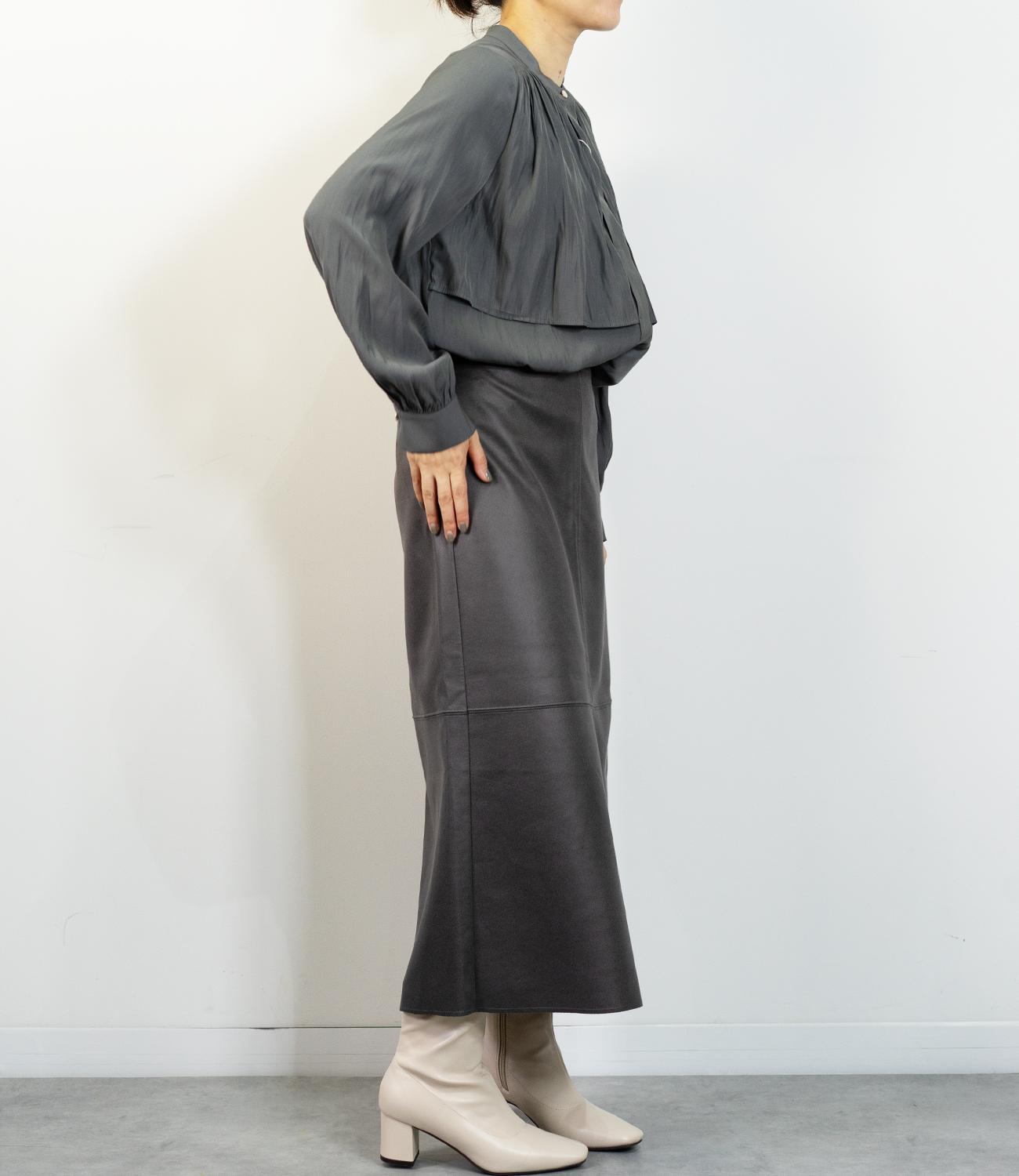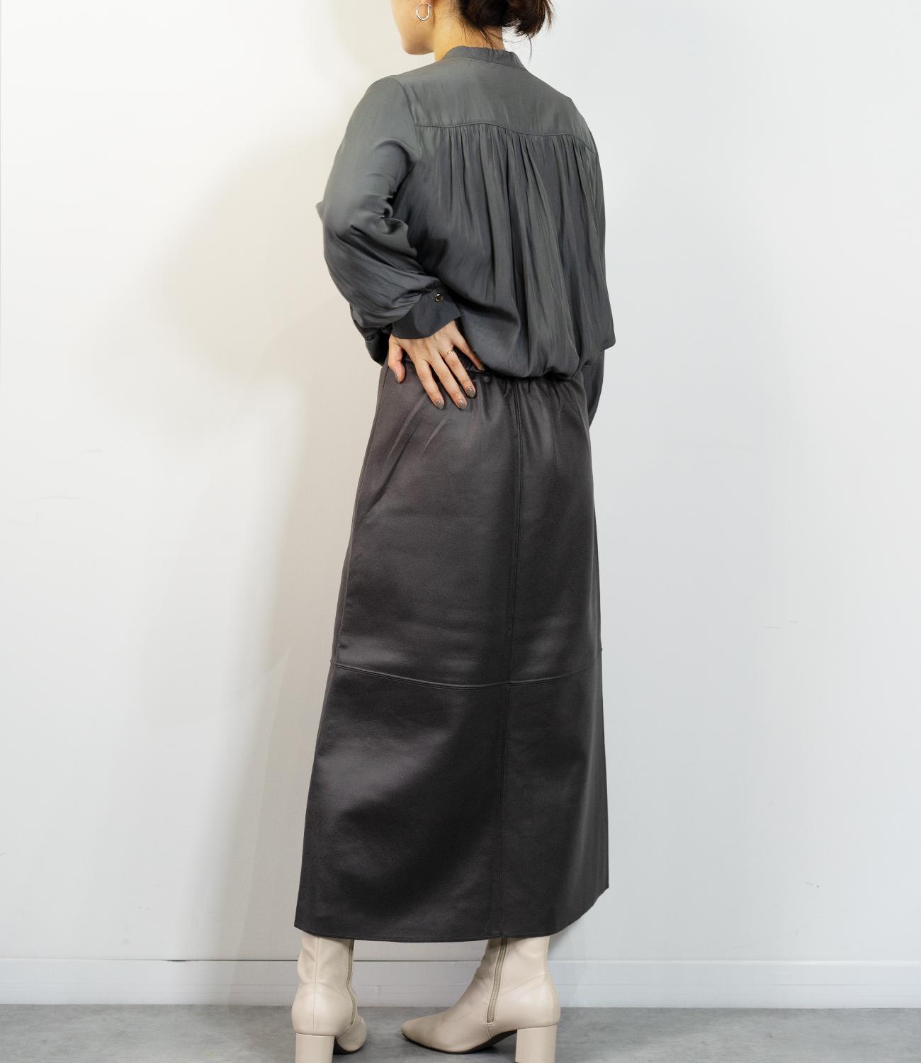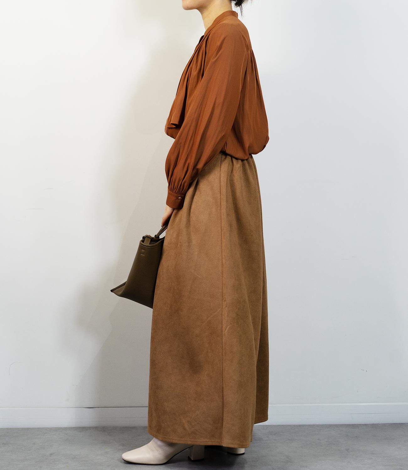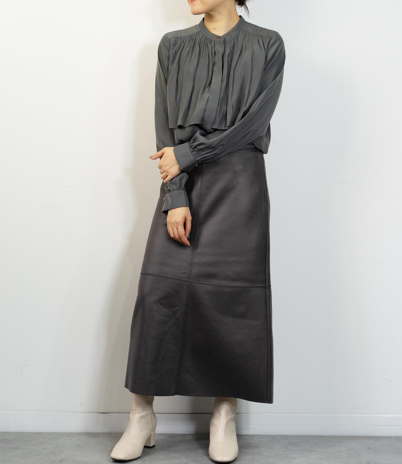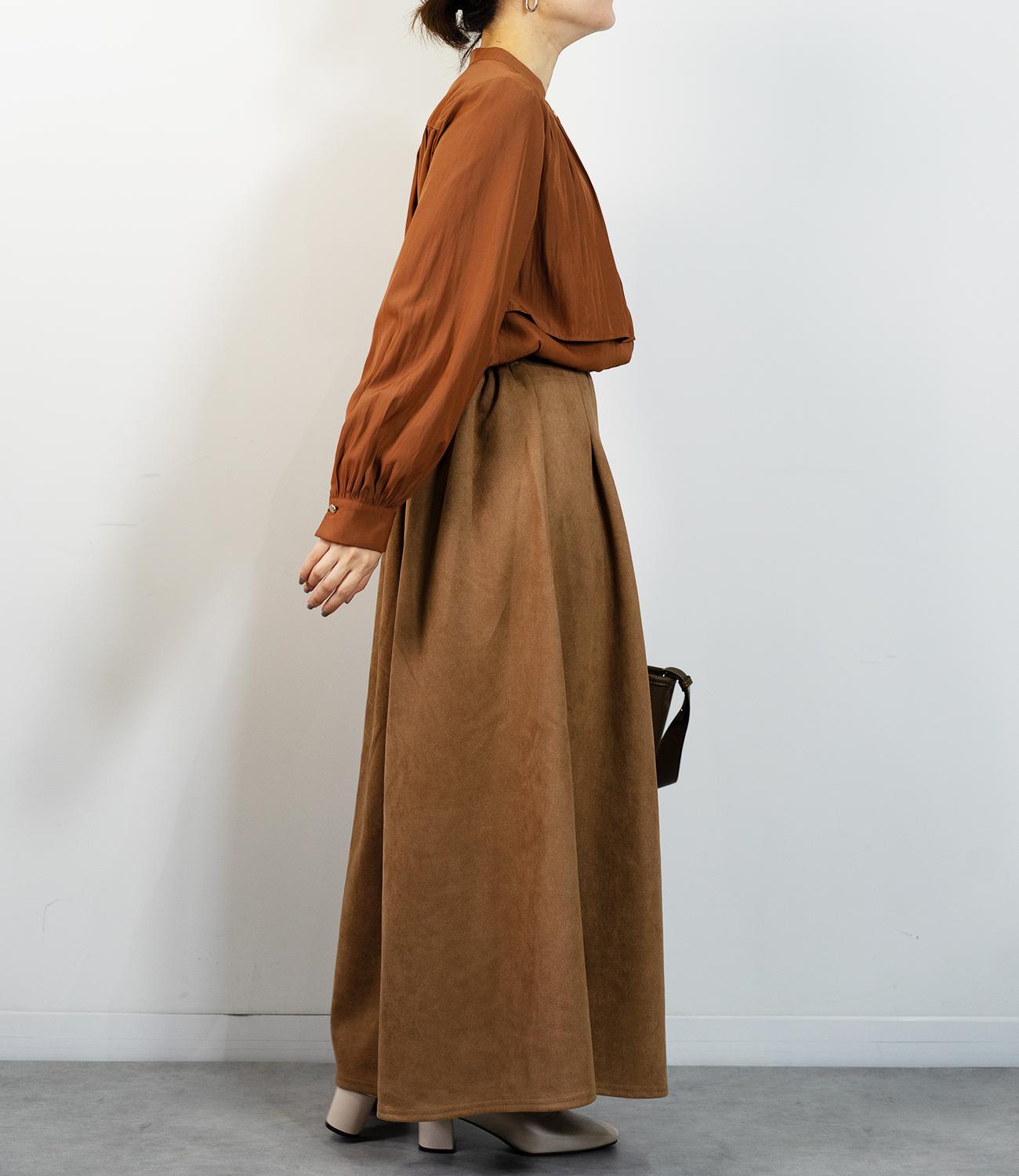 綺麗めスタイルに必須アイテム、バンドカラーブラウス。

=-=-=-=-=

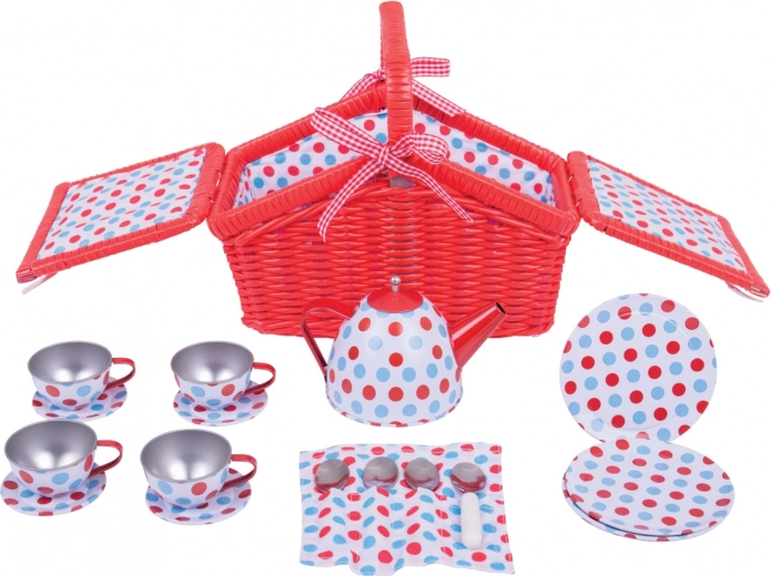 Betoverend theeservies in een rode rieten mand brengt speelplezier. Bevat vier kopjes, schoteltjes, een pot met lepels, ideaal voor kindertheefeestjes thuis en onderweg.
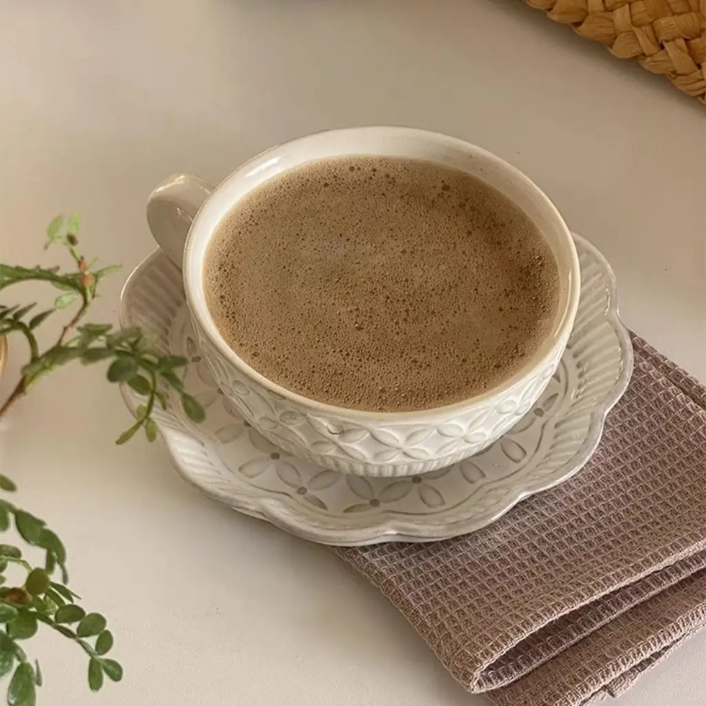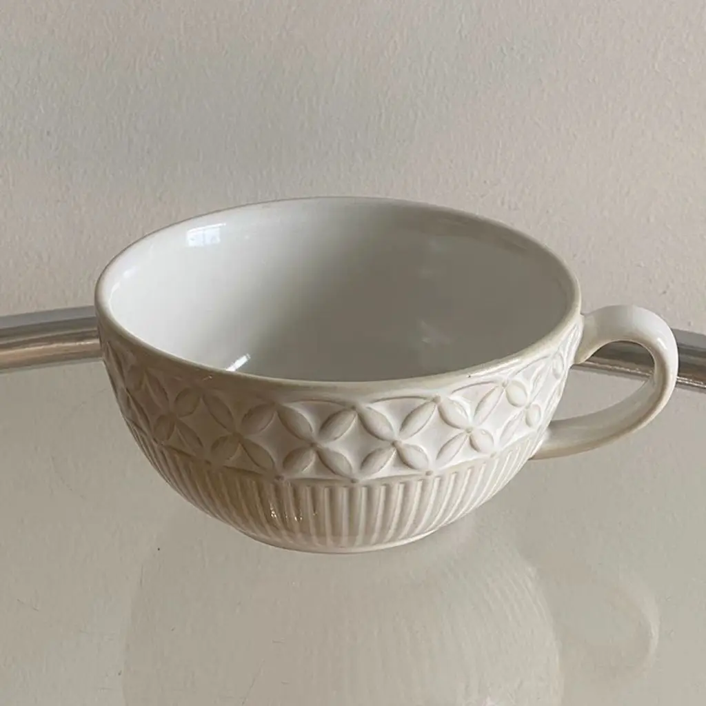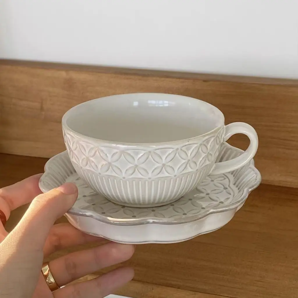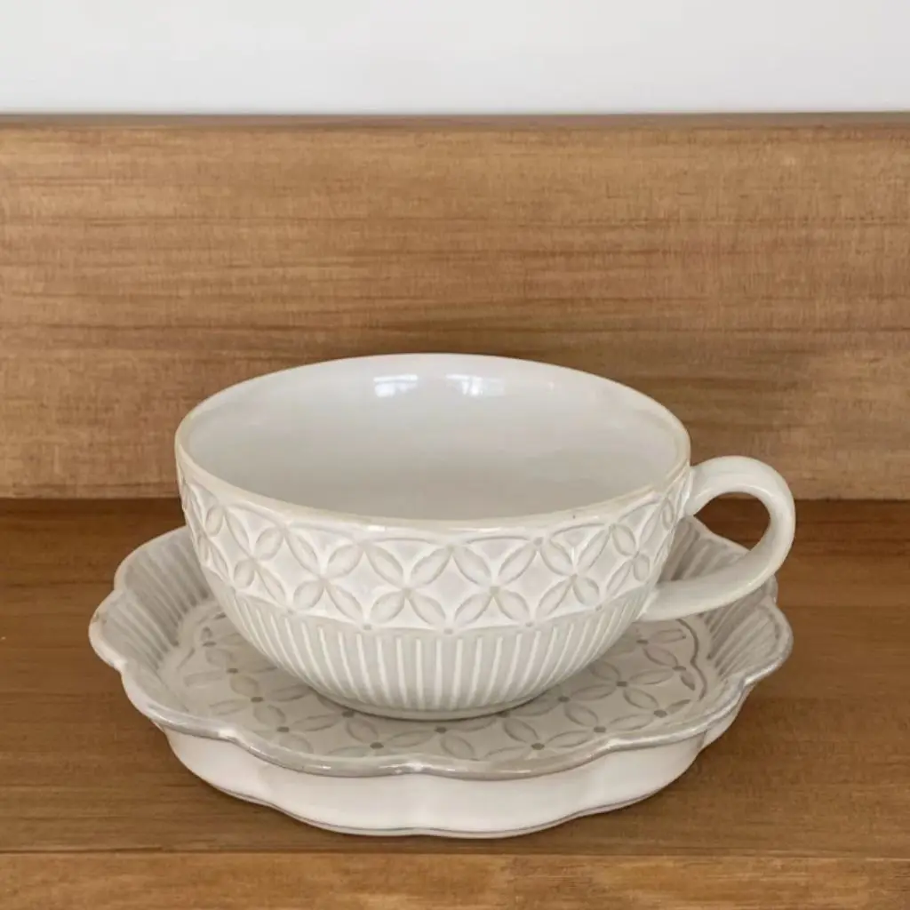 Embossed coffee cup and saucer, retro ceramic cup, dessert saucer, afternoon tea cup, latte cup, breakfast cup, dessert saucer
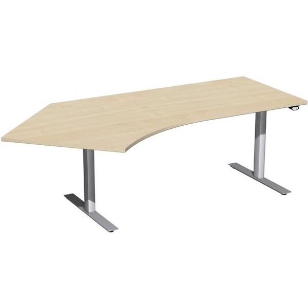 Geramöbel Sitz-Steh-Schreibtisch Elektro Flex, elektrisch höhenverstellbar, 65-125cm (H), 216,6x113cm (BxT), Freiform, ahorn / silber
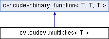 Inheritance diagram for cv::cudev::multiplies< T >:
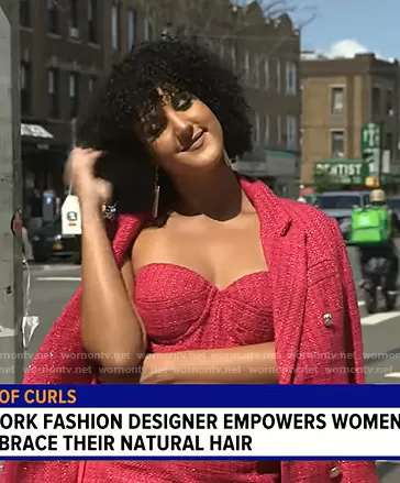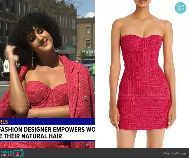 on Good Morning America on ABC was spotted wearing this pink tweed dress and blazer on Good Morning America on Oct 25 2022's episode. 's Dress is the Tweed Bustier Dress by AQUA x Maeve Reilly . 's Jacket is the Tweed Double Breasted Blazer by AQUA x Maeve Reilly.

=-=-=-=-=

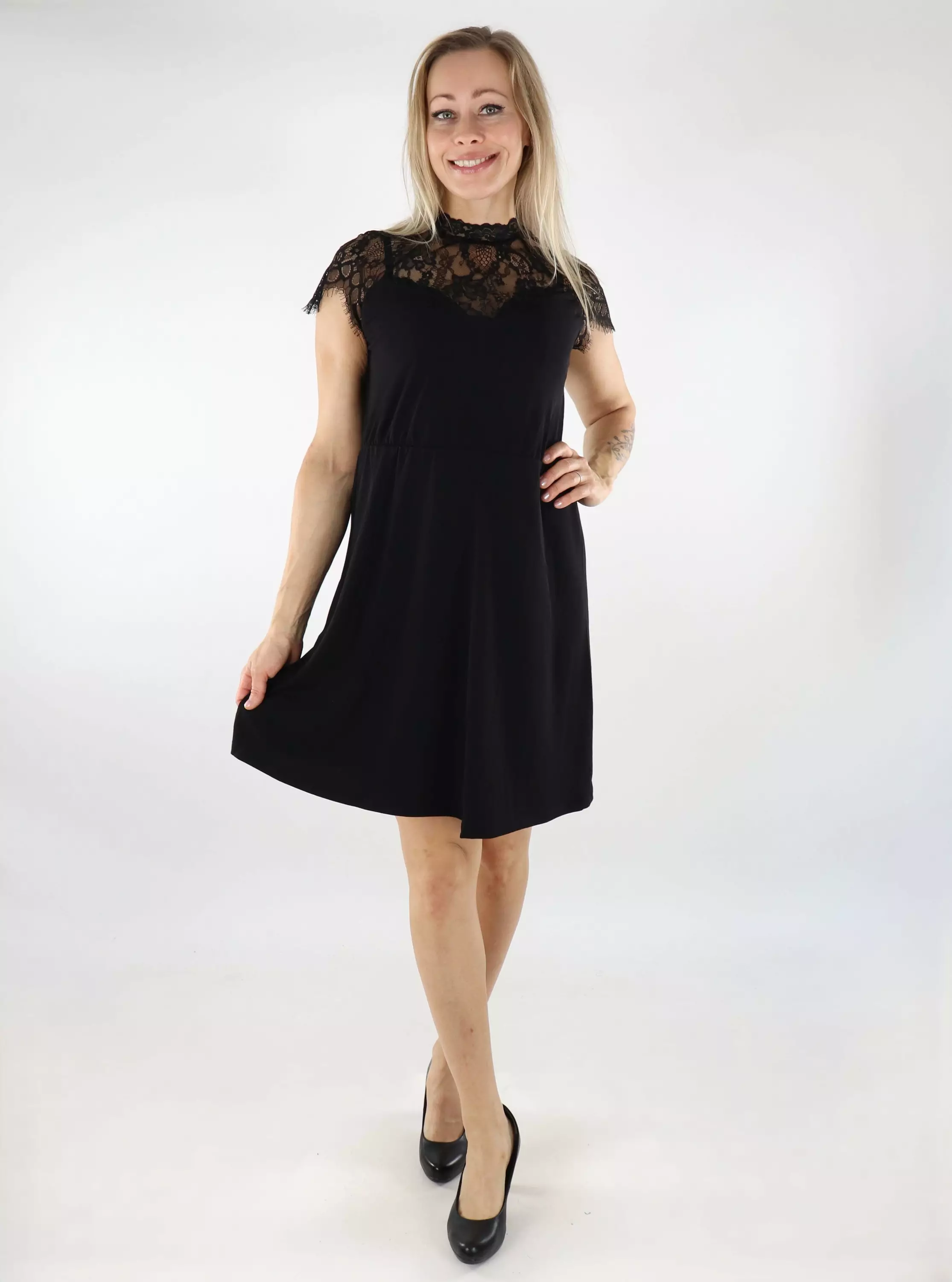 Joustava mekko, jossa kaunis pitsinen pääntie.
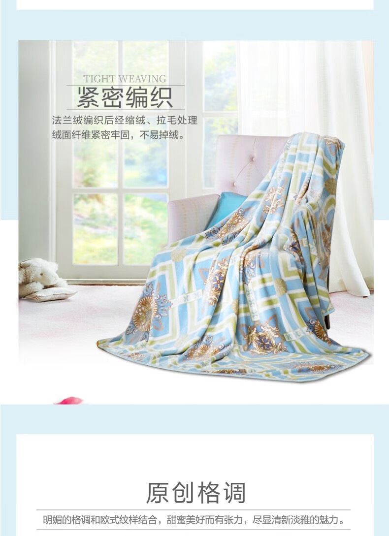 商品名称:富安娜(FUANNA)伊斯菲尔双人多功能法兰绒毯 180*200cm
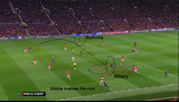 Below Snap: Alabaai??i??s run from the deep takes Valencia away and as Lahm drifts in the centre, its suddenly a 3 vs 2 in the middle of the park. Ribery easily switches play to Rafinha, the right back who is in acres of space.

=-=-=-=-=

About this exercise: Both the line containing "Inheritance diagram for" and the line containing "on Good Morning America on ABC" above belong in the output, as do the lines between them. Print them exactly, without pictures.

Written answer:
 Inheritance diagram for cv::cudev::multiplies< T >:
 on Good Morning America on ABC was spotted wearing this pink tweed dress and blazer on Good Morning America on Oct 25 2022's episode. 's Dress is the Tweed Bustier Dress by AQUA x Maeve Reilly . 's Jacket is the Tweed Double Breasted Blazer by AQUA x Maeve Reilly.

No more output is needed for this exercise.